PROBLEM TO WORK ON: Restate word for word the opening line of the data below and every line after it until the line with "实时汇总统计实习人数、地理定", that line too, but not the pictures.

(Beginning of DATA FOR ANALYSIS)

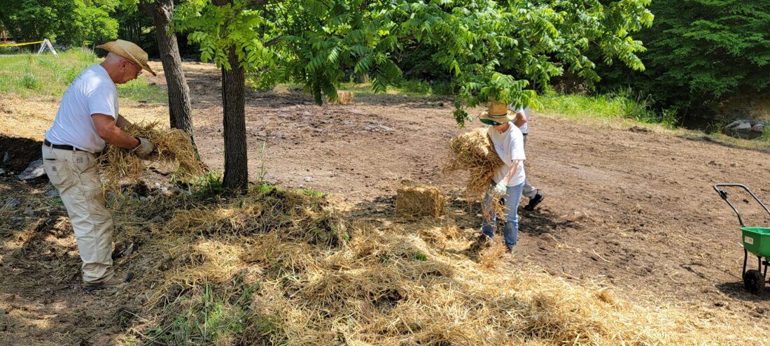 Mirror photo by Cati Keith / Bedford Joint Municipal Authority volunteers Jim Wehling and Karen Simpson put down straw along the bank of Shober’s Run as part of a stream bank enhancement project which is near the Omni Bedford Springs trailhead of the Shuster Way Heritage Trail in Bedford.
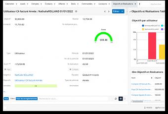La solution permet de définir et suivre des objectifs variés et de mesurer automatiquement les performances et réalisations.
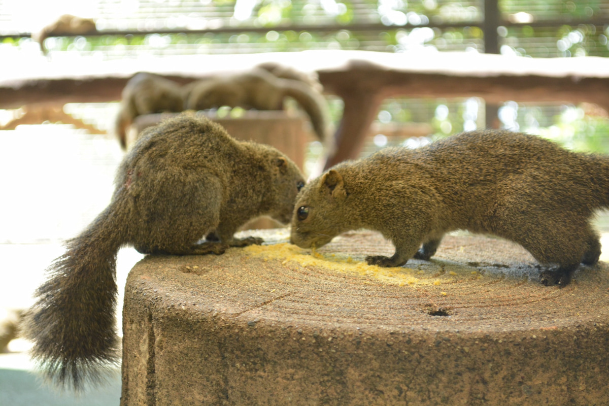 エサやり体験は4歳から参加可能。入場時に革手袋を着用し、リスが手に乗ってエサを食べる姿を観察できます。タイワンリスは冬眠しないため、通年でエサやり体験が楽しめるのも魅力。岐阜城観光とあわせて立ち寄りたい癒しの空間です。
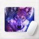 Mystical Galaxy Wolf Face with Full Moon Mouse Mat
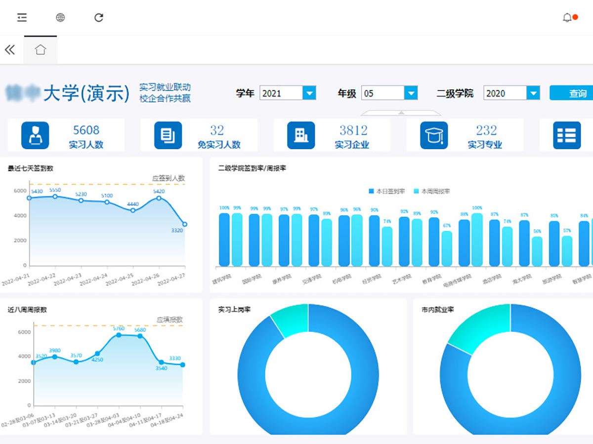实时汇总统计实习人数、地理定位记录、师生交流记录、实习日报等关键数据,学校可查看统计数据与详细数据,对实习过程全面管控
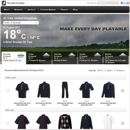 “The thinking behind the FJ Weather Expert was to create a portal where our loyal following of FJ enthusiasts could make sure they were never caught out on the golf course with inappropriate clothing, footwear, gloves and accessories,” commented Russell Lawes, European Marketing Manager – FootJoy. “FJ has always had a fantastic reputation for bringing high-tech, performance driven outerwear to the market and with the help of this fantastic micro-site we are now able to take this one step further and enhance the golfers’ on-course experience.”

(End of DATA FOR ANALYSIS)

OUTPUT:
 Mirror photo by Cati Keith / Bedford Joint Municipal Authority volunteers Jim Wehling and Karen Simpson put down straw along the bank of Shober’s Run as part of a stream bank enhancement project which is near the Omni Bedford Springs trailhead of the Shuster Way Heritage Trail in Bedford.
La solution permet de définir et suivre des objectifs variés et de mesurer automatiquement les performances et réalisations.
 エサやり体験は4歳から参加可能。入場時に革手袋を着用し、リスが手に乗ってエサを食べる姿を観察できます。タイワンリスは冬眠しないため、通年でエサやり体験が楽しめるのも魅力。岐阜城観光とあわせて立ち寄りたい癒しの空間です。
 Mystical Galaxy Wolf Face with Full Moon Mouse Mat
实时汇总统计实习人数、地理定位记录、师生交流记录、实习日报等关键数据,学校可查看统计数据与详细数据,对实习过程全面管控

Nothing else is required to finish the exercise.